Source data
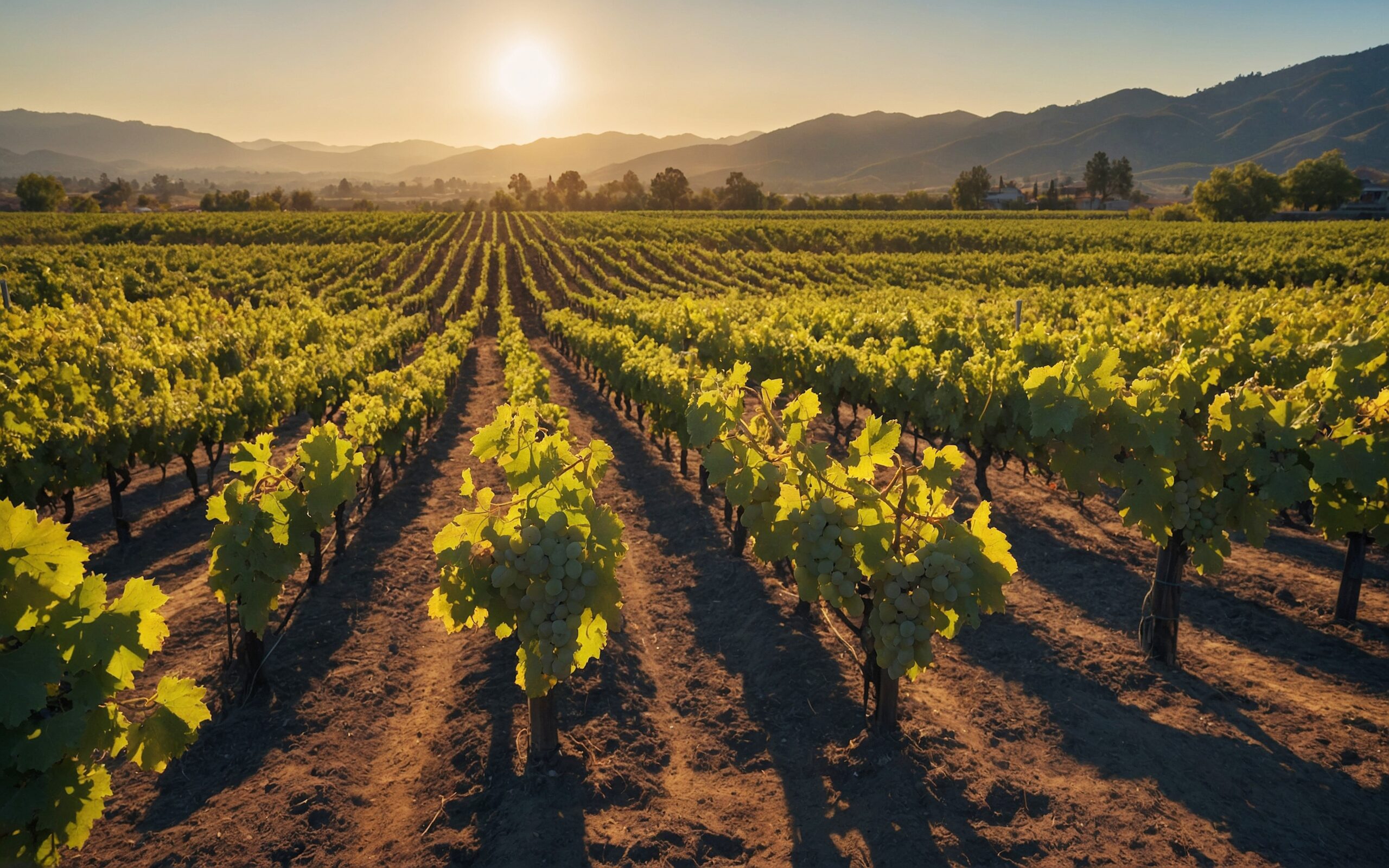 Zonnig landschap van een wijngaard met symmetrische rijen wijnstokken die naar de horizon leiden onder een gouden zonsondergang.
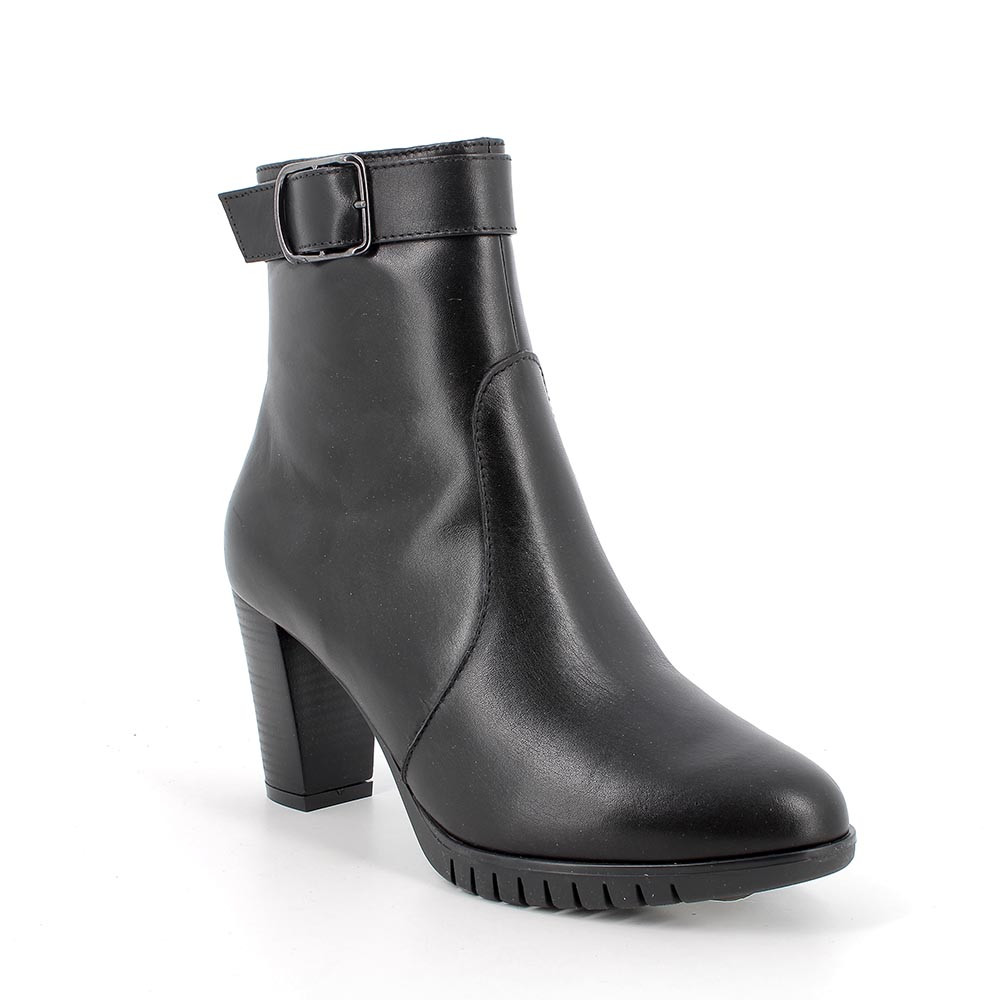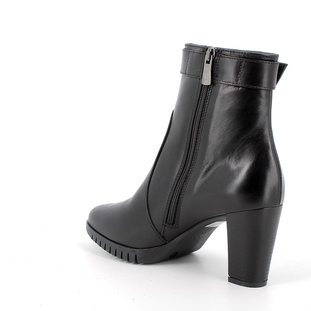 Damen-Stiefeletten aus Leder mit Absatz, schwarz
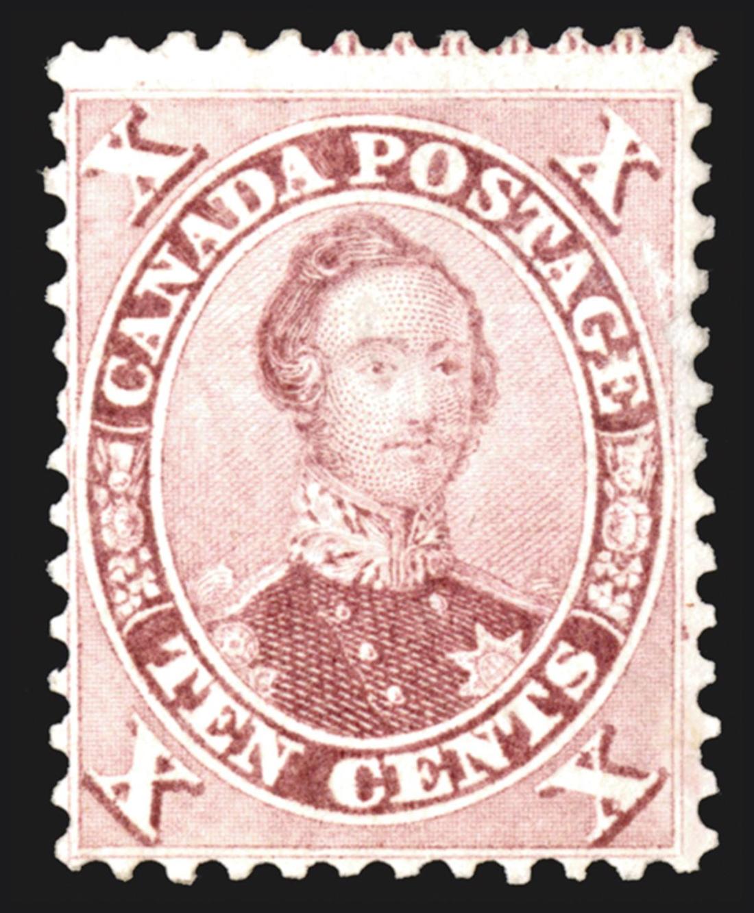 #17, 1859 10c Red lilac, an unusually handsome mint example, with perforations virtually clear of the design all around and showing a small portion of the imprint within the perforations at top, incredibly fresh with especially deep rich color and sharp impression, o.g., fine; an elusive stamp in this quality (Unitrade C$3,000.00).
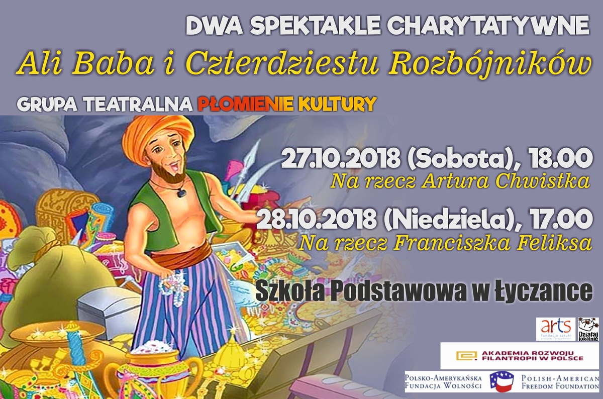 Grupa Teatralna "PŁOMIENIE KULTURY" serdecznie zaprasza na spektakle charytatywne "Alibaba i czterdziestu rozbójników". Pierwszy odbędzie się w dniu 27 października br. (sobota) o godzinie 18.00 na rzecz Artura Chwistka, a drugi w dniu 28 października br. (niedziela) o godzinie 17.00 dla Frania Feliksa, szczegóły na plakacie. Miejsce: sala gimnastyczna przy Szkole Podstawowej w Łyczance.
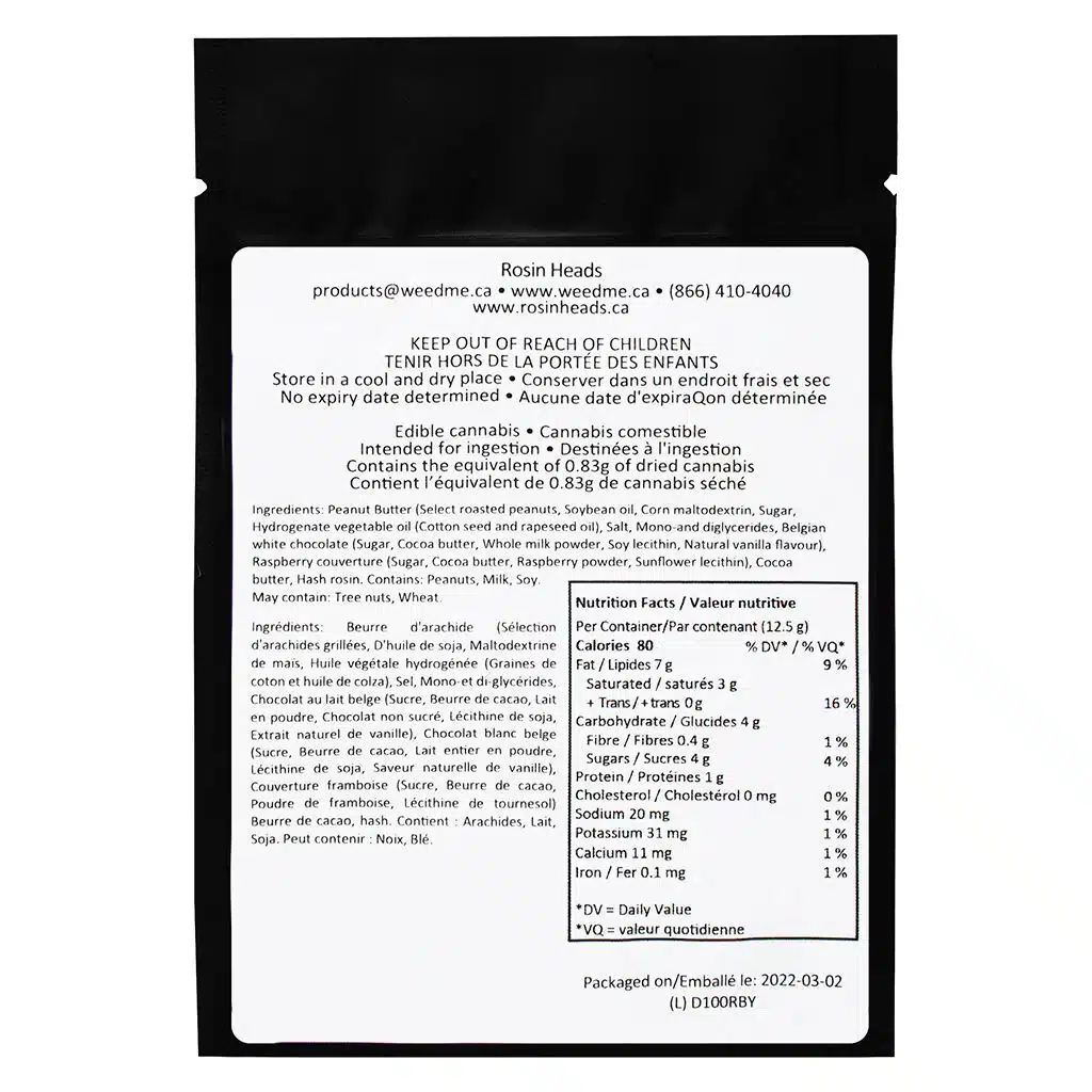 Ingrédients : Beurre de cacahuète (cacahuètes grillées sélectionnées, huile de soja, maltodextrine de maïs, sucre, huile végétale hydrogénée (huiles de coton et de colza), sel, mono- et diglycérides), chocolat blanc belge (sucre, beurre de cacao, lait entier en poudre, lécithine de soja, arôme naturel de vanille), couverture aux framboises (sucre, beurre de cacao, poudre de framboise, lécithine de tournesol), beurre de cacao, rosine de haschisch.
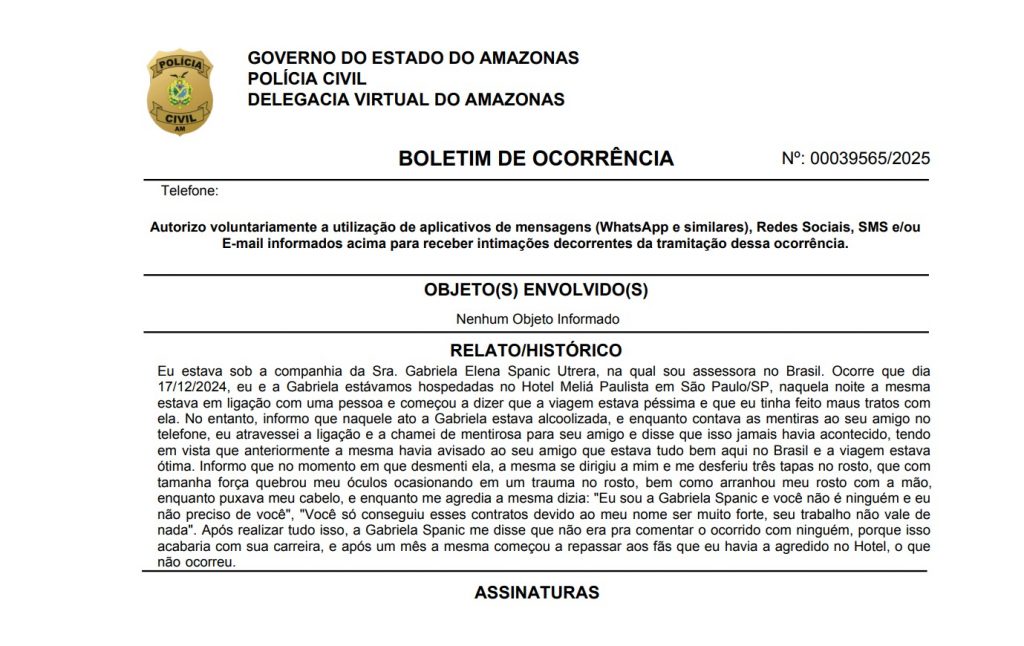 O boletim por agressão foi registrado no dia 7 de fevereiro de 2025, no 22º Distrito Integrado de Polícia (DIP), em Manaus (AM). A empresária relata, no documento, que a artista a acusou, por meio de uma ligação a uma terceira pessoa, de tê-la maltratado durante a viagem.
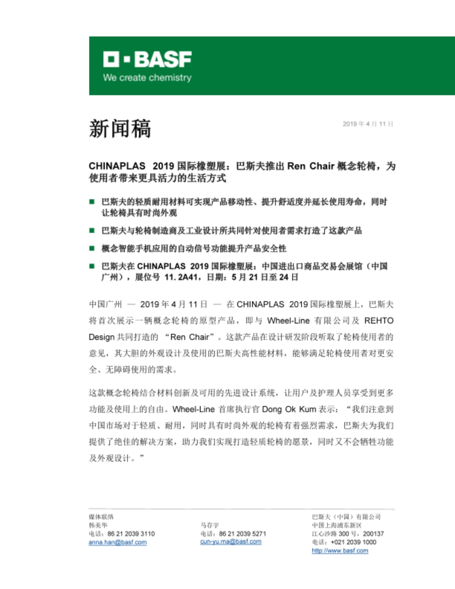 中国广州 — 2019年4月11日 — 在CHINAPLAS 2019国际橡塑展上,巴斯夫将首次展示一辆概念轮椅的原型产品,即与Wheel-Line有限公司及REHTO Design共同打造的 “Ren Chair”。这款产品在设计研发阶段听取了轮椅使用者的意见,其大胆的外观设计及使用的巴斯夫高性能材料,能够满足轮椅使用者对更安全、无障碍使用的需求。
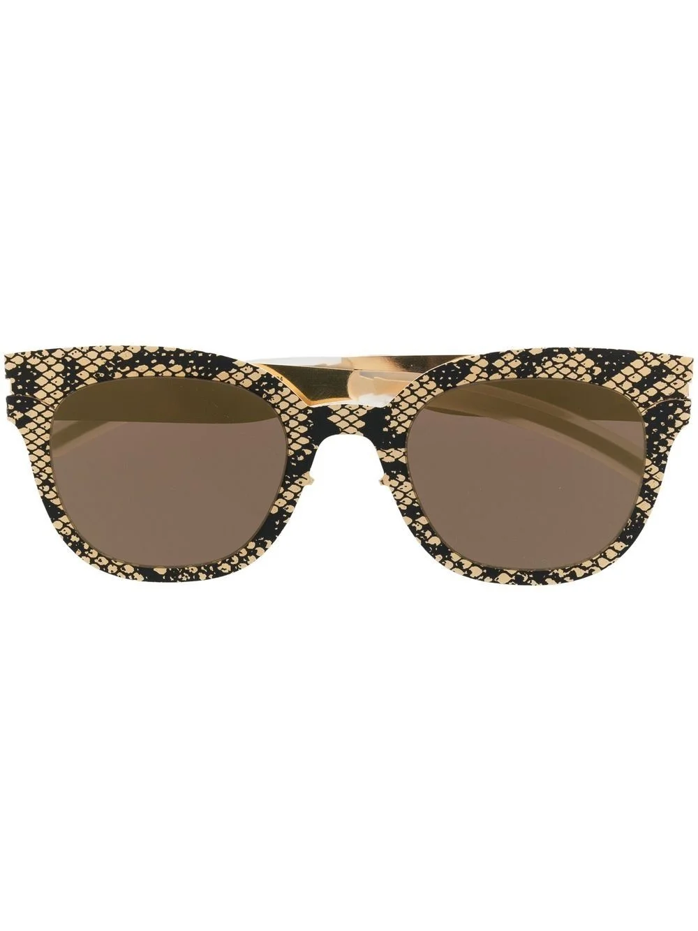 python-print wayfarer-frame sunglasses gold-tone all-over python print brown tinted lenses UV-protective lenses straight arms These glasses come with a protective case. Imported Composition Metal 100% SIZE & FIT Measurement Arm Length 5.51 in(14 cm) Bridge Width 0.94 in(2.4 cm) Lens Diameter 2 in(5.1 cm) Total Width 5.51 in(14 cm)

> [Work request] The stretch above running from the line with "#17, 1859 10c" through the line with "O boletim por" is all you should copy, exactly, leaving out the pictures.

> [Answer section]
 #17, 1859 10c Red lilac, an unusually handsome mint example, with perforations virtually clear of the design all around and showing a small portion of the imprint within the perforations at top, incredibly fresh with especially deep rich color and sharp impression, o.g., fine; an elusive stamp in this quality (Unitrade C$3,000.00).
 Grupa Teatralna "PŁOMIENIE KULTURY" serdecznie zaprasza na spektakle charytatywne "Alibaba i czterdziestu rozbójników". Pierwszy odbędzie się w dniu 27 października br. (sobota) o godzinie 18.00 na rzecz Artura Chwistka, a drugi w dniu 28 października br. (niedziela) o godzinie 17.00 dla Frania Feliksa, szczegóły na plakacie. Miejsce: sala gimnastyczna przy Szkole Podstawowej w Łyczance.
 Ingrédients : Beurre de cacahuète (cacahuètes grillées sélectionnées, huile de soja, maltodextrine de maïs, sucre, huile végétale hydrogénée (huiles de coton et de colza), sel, mono- et diglycérides), chocolat blanc belge (sucre, beurre de cacao, lait entier en poudre, lécithine de soja, arôme naturel de vanille), couverture aux framboises (sucre, beurre de cacao, poudre de framboise, lécithine de tournesol), beurre de cacao, rosine de haschisch.
 O boletim por agressão foi registrado no dia 7 de fevereiro de 2025, no 22º Distrito Integrado de Polícia (DIP), em Manaus (AM). A empresária relata, no documento, que a artista a acusou, por meio de uma ligação a uma terceira pessoa, de tê-la maltratado durante a viagem.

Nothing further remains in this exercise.